Justice Department reveals details of plan for clemency for some drug offenders

Deputy Attorney General James Cole says fair law enforcement means correcting the mistakes of the past, including long prison terms for some drug offenders.

By Frances Burns
Attorney General Eric Holder UPI/Kevin Dietsch
Attorney General Eric Holder UPI/Kevin Dietsch | License Photo

WASHINGTON, April 23 (UPI) -- Non-violent offenders serving long drug sentences will be provided with lawyers to help them win clemency, the U.S. Justice Department said Wednesday.

At a news conference, Deputy Attorney General James Cole said those eligible for clemency will have to meet stringent requirements, including having served at least 10 years in prison. He said they must also have no records of violence before or after their convictions, have no ties to organized crime, must not have long criminal records, have good prison records and must be serving long prison terms that would likely be shorter under current guidelines.


In 2010, President Obama signed legislation eliminating the significantly longer sentences given those convicted of crimes involving crack cocaine. Cole said the Clemency Initiative is not limited to inmates convicted of crack crimes, although one of its goals is to provide fair sentences to those sentenced under the old law.

"The fundamental American concept, equal justice under law, requires that our laws be enforced fairly -- and not just going forward, but it is equally important that we extend this fairness to those who are already serving prison sentences for their crimes," he said.


Cole said the administration plans to devote "significant time and resources" to identifying inmates eligible for clemency and ensuring their speedy release.
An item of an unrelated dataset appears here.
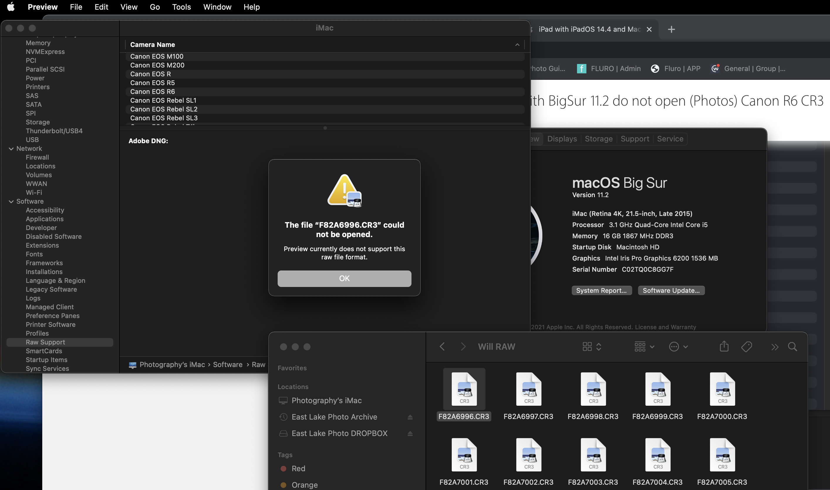 The PROBLEM is that RAW CR3 files by Canon's latest Full Frame Digital Camera, specifically the R5 and R6 are NOT supported Natively in Big Sur v11.2 and can NOT be seen in PREVIEW.
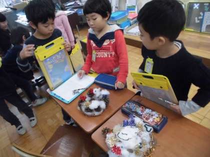 出来上がった「クリスマスかざり」の鑑賞会をしました。友だちの作品のいいところを見つけたり,がんばったところをインタビューして聞いたりしました。

He said all federal prison inmates will be notified for the program and those who apply and appear to meet the criteria will be given free legal counsel.

Attorney General Eric Holder said Monday that the 2010 Fair Sentencing Act was not enough: “There are still too many people in federal prison who were sentenced under the old regime -- and who, as a result, will have to spend far more time in prison than they would if sentenced today for exactly the same crime.”